First, there already are the current blockbusters: Avonex (interferon beta-1a, Biogen Idec Inc.), Betaseron (beta interferon 1b, Bayer AG), Copaxone (glatiramer acetate, Teva Pharmaceuticals Inc.), Rebif and Tysabri. And the next-generation oral MS drugs are poised to capture a share of the market, starting with Gilenya, which gained FDA approval last fall. In studies, Gilenya reduced relapses by 52 percent compared to one year of injectable interferon beta-1a. (See BioWorld Today, Sept. 23, 2010.)

Following Gilenya are Cambridge, Mass.-based Biogen's BG-12 (dimethyl fumarate), which hit its endpoint in its first Phase III study, though detailed data have not yet been released; Teva's laquinimod, which cut annualized relapse rates by 23 percent and reduced disability progression by 36 percent in its first Phase III trial; and Sanofi's own teriflunomide, which so far has shown a 31 percent reduction in relapse rates in Phase III testing.
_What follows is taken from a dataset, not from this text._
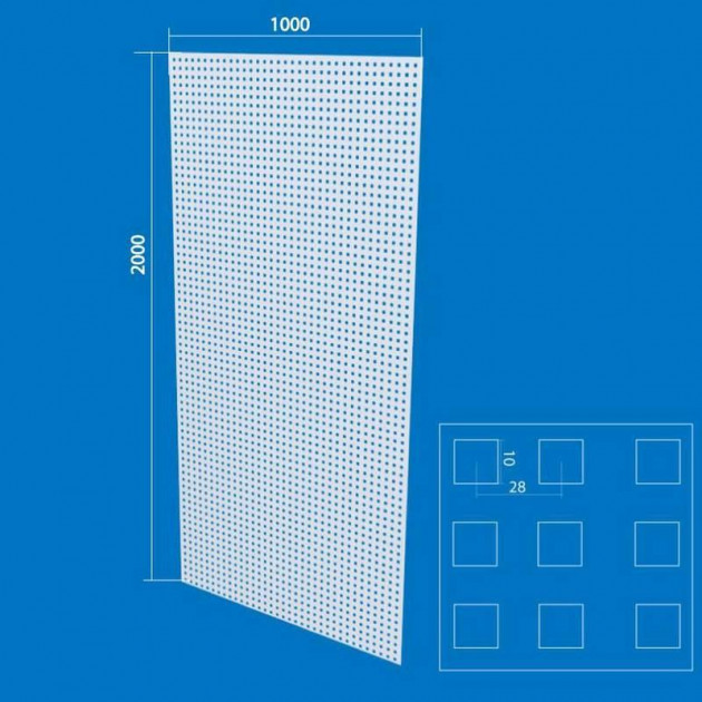 Перфорований лист для інструментів пофарбований 100х200, осередок 10х10 (S-1 мм)

Merck Serono's cladribine is out of the picture, after the Darmstadt, Germany-based firm decided against launching a new clinical trial to address issues raised in a March complete response letter. (See BioWorld Today, March 3, 2011.)

Further data from all potential competitors are expected later this year, but the Lemtrada data and competitive landscape clearly ha left some investors already wondering if Sanofi paid too much for Genzyme in the first place.

Shares of Sanofi (NYSE:SNY) fell $1.41 to close Monday at $38.36, though the big pharma firm also disclosed other news, including its divestiture of its dermatology unit to Mississauga, Ontario-based specialty pharma firm Valeant Pharmaceuticals International Inc. for $425 million, plus the fact that the European Medicines Agency intended to widen its review of arrhythmia drug Multaq (dronedarone) on reports of severe cardiovascular events in some patients.